**Exercise description:** Write out the data exactly, please, and omit the pictures.

**Input data:**
★ ★ ★ ★
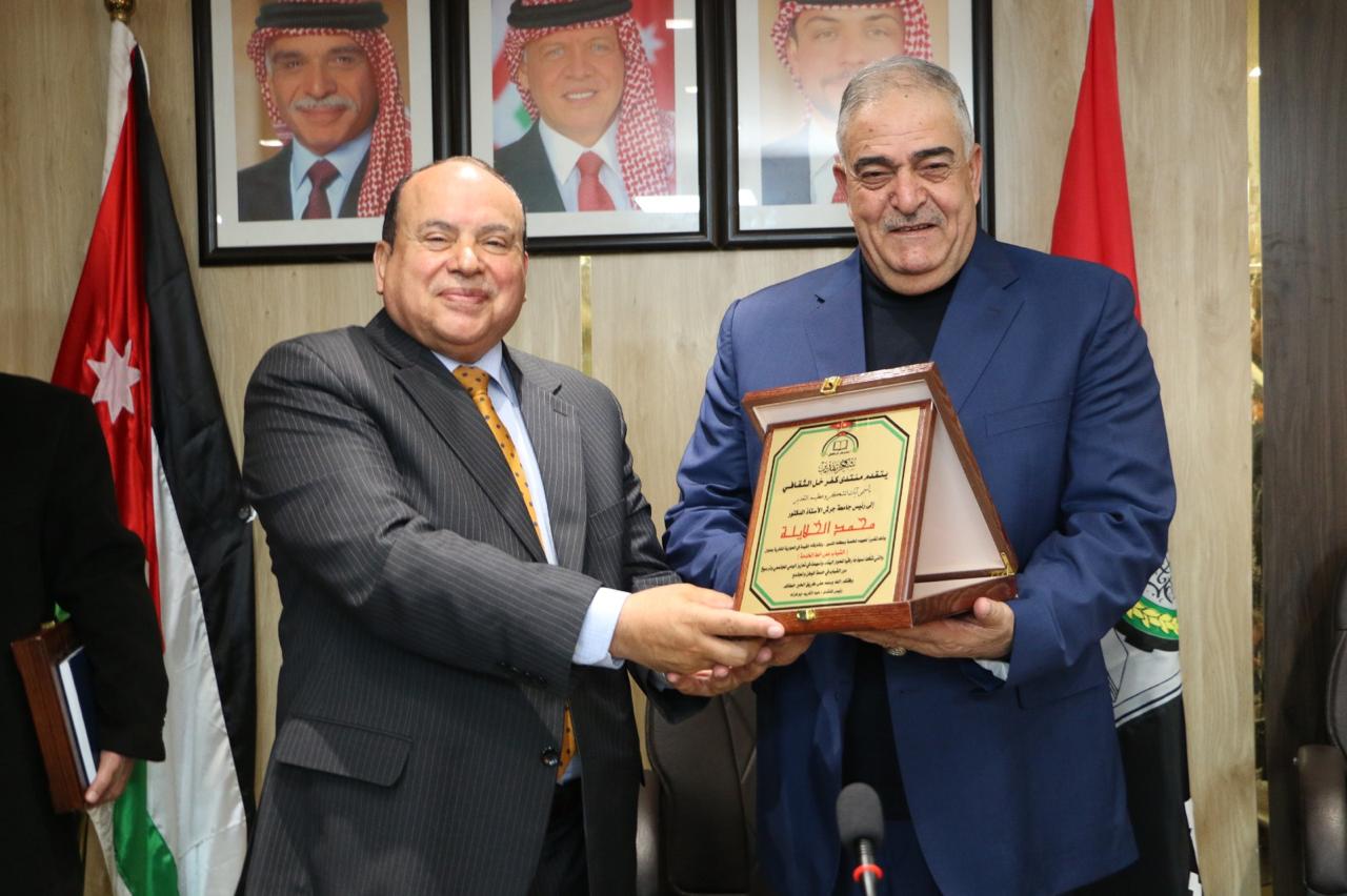 وفي الختام، قام العين فريحات بتكريم كل من رئيس الجامعة الدكتور الخلايلة والنائب حمزة الحوامدة والدكتور محمد المقابلة بدروع تذكارية كما تم تقديم درع تذكاري مقدم من المنتدى على حسن الرعاية والمشاركة في الحوارية.
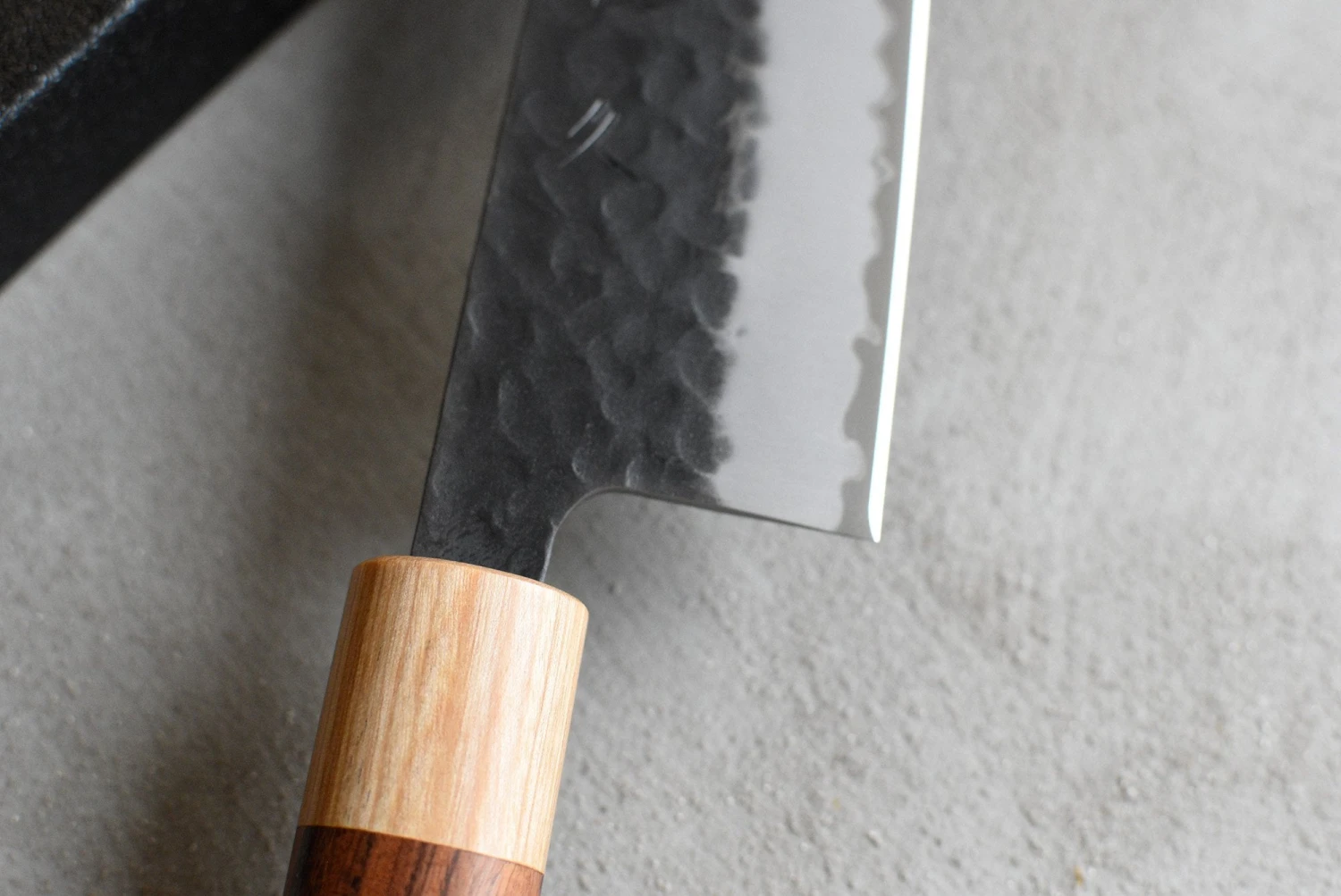 Kuro-uchi finish, the unprocessed (black) part on the top side of the blade has already developed a dark patina, which protects the blade and gives it a unique and rustic appearance. The blade was treated with hammer blows, resulting in a textured tsuchime look, which gives it a beautiful finish and also prevents food from sticking to the blade.
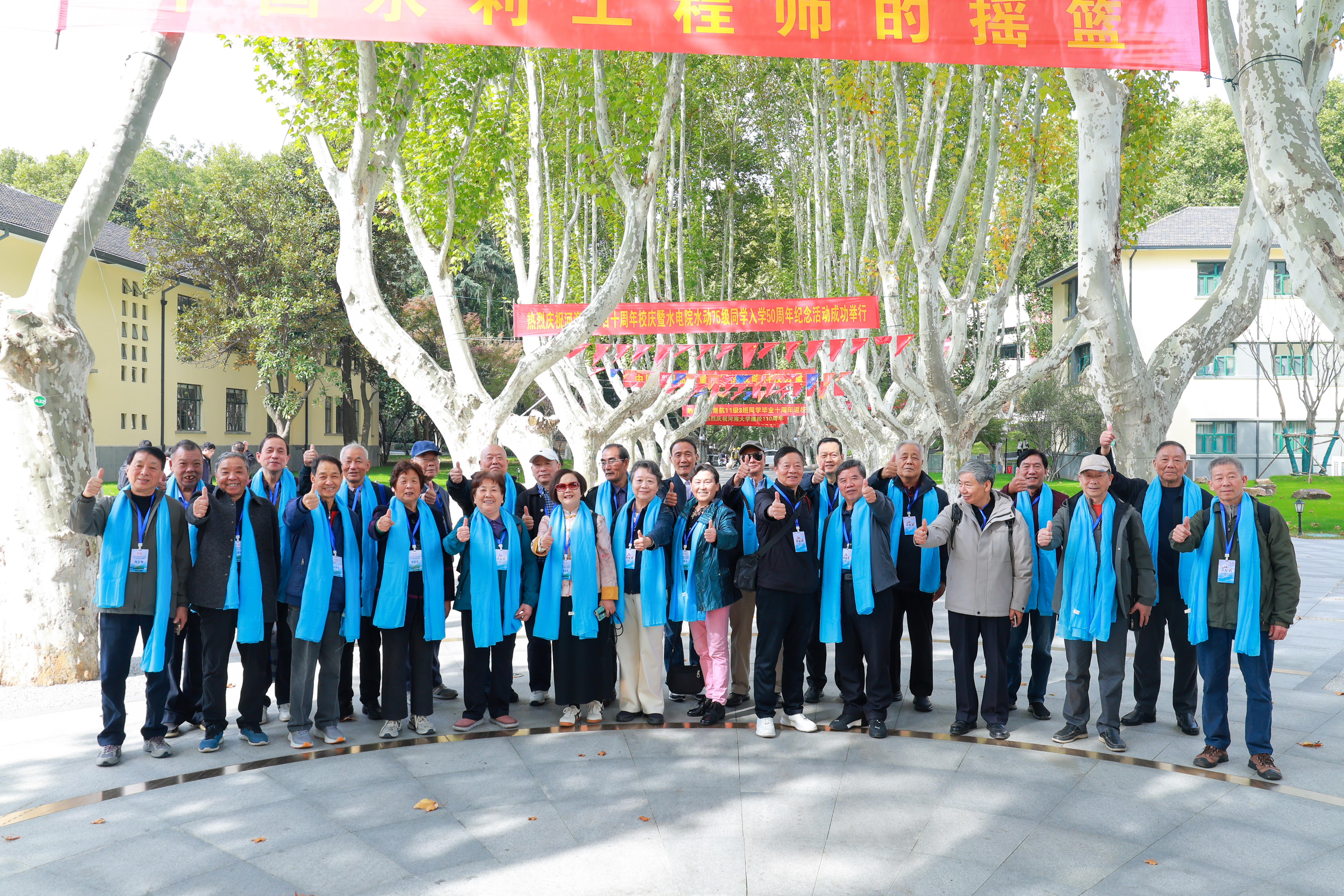 11月4日上午,75级校友们聚在河海大学西康路1号门前,他们人人佩戴一条“河海蓝”围巾,与母校合影留念。校友们在熟悉的校园里徜徉,回忆着学生时代的一点一滴,追随着记忆,流连在水电学院门前。在那个矗立着的、硕大水轮机转轮前,同学们动情地抚摸着它,深情回忆着老师当年上课的模样,也讲述着毕业后各自在水利行业工作的往事,他们中有水利局长、总工、技术总监、教授,有的退休多年仍被返聘,巡察巡检,传帮带,“毋负邦人期”。校友们盛情邀请水电学院两位年轻的当家人合影,畅叙,祝愿水电学院再创辉煌。
★ ★ ★ ★
**Task answer:**
 وفي الختام، قام العين فريحات بتكريم كل من رئيس الجامعة الدكتور الخلايلة والنائب حمزة الحوامدة والدكتور محمد المقابلة بدروع تذكارية كما تم تقديم درع تذكاري مقدم من المنتدى على حسن الرعاية والمشاركة في الحوارية.
 Kuro-uchi finish, the unprocessed (black) part on the top side of the blade has already developed a dark patina, which protects the blade and gives it a unique and rustic appearance. The blade was treated with hammer blows, resulting in a textured tsuchime look, which gives it a beautiful finish and also prevents food from sticking to the blade.
 11月4日上午,75级校友们聚在河海大学西康路1号门前,他们人人佩戴一条“河海蓝”围巾,与母校合影留念。校友们在熟悉的校园里徜徉,回忆着学生时代的一点一滴,追随着记忆,流连在水电学院门前。在那个矗立着的、硕大水轮机转轮前,同学们动情地抚摸着它,深情回忆着老师当年上课的模样,也讲述着毕业后各自在水利行业工作的往事,他们中有水利局长、总工、技术总监、教授,有的退休多年仍被返聘,巡察巡检,传帮带,“毋负邦人期”。校友们盛情邀请水电学院两位年轻的当家人合影,畅叙,祝愿水电学院再创辉煌。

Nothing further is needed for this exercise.